B),, obtain pure forsterite powder, as shown in Figure 1 1200 ℃ of calcinings 3 hours with dried gel masses ball milling and sieve.
C) with synthetic forsterite powder ball milling, make its granularity after sieving, and add 6% the PVA aqueous solution less than 50 microns, earlier in the moulding of 10MPa dry-pressing forsterite powder, and under 200MPa isostatic cool pressing.
D) with the ceramic body that is pressed into 1450 ℃ of sintering 8 hours, can make forsterite ceramics, as Fig. 2, shown in 3.The surface is more coarse, helps sticking of cell.
E) forsterite ceramics of making carries out the evaluation of mechanical property and cell compatibility.Scleroblast thereon cultivation and growing state shown in Fig. 4-7, illustrate that forsterite ceramics provided by the invention is comparatively ideal as the application of biomechanics material, it has cell compatibility and has the activity that promotes Oesteoblast growth again.Shown in Figure 4, change from 4 hours to 24 hours with incubation time, scleroblast at material surface from typically being attached to the process of sprawling; Fig. 6 shows into osteocyte and takes place to combine closely with material after cultivated in 1 day on the forsterite ceramics surface, and grows thread pseudopodium, smooth surface, and the figure is full.
Example 2:
A) silicon sol 46.99g, add salpeter solution, reconciling the pH value is 1.6, at room temperature fully stirred 30 minutes, add 0.4 mole of magnesium nitrate hexahydrate then and stirred 5 hours, the mixture of citric acid (4.2g) and ethylene glycol (2.8g) is added drop-wise in the above-mentioned mixed solution, seal, ageing is 24 hours in 60 ℃, and in 120 ℃ dry 56 hours.
B) dried gel masses was calcined 3 hours at 1250 ℃, obtained pure forsterite powder.
C) with synthetic forsterite powder ball milling, make its granularity after sieving, and add 10% the PVA aqueous solution less than 60 microns, earlier in the moulding of 20MPa dry-pressing forsterite powder, and under 200MPa isostatic cool pressing.
D) with the ceramic body that is pressed into 1400 ℃ of sintering 8 hours, can make forsterite ceramics.

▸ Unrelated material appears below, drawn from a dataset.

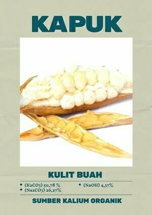 Kapuk mengandung beberapa senyawa alkali yang bermanfaat bagi kehidupan. Abu kulit buah kapuk mengandung senyawa Kalium Karbonat (K2CO3) 50,78 %, Natrium Karbonat (Na2CO3) 26,27%, dan Natrium Hidroksida (NaOH) 4,37%.

E) forsterite ceramics of making carries out the evaluation of mechanical property and cell compatibility, with the performance evaluation in the summary of the invention.
Its fundamental characteristics of pottery behind resulting forsterite powder and the sintering and embodiment 1 are identical.
Claims (6)
1, the forsterite ceramics material is characterized in that as the application of biomechanics material preparation process is:
(a) silicon sol is after 1-2 stirs, at room temperature to add magnesium nitrate hexahydrate or magnesium hydroxide as the magnesium source as the Si source with the nitre acid for adjusting pH value, and the mol ratio of Mg and Si is 2: 1, stirs into homogeneous solution;
(b) mixing solutions that adds citric acid and ethylene glycol dropwise joins restir, sealing in the resultant siliceous and magnesium solution of step a; Adding mass percent is the 30-45% of synthetic forsterite powder quality;
(c) solution of step b gained, at 60 ℃ of ageing 24-48 hours, and in 120 ℃ dry 36-56 hour, make it gelation;
(d) step c gained gelation material through ball milling, sieve, 1150-1250 ℃ the calcining 3 hours, obtain pure forsterite powder;
(e) ball mill pulverizing, the dry-pressing formed cold and hot again isotactic pressing of elder generation, dry-pressing pressure 10-20MPa, waiting static pressure is 100MPa;
(f) last briquetting was made at 1350-1450 ℃ of sintering 6-8 hour.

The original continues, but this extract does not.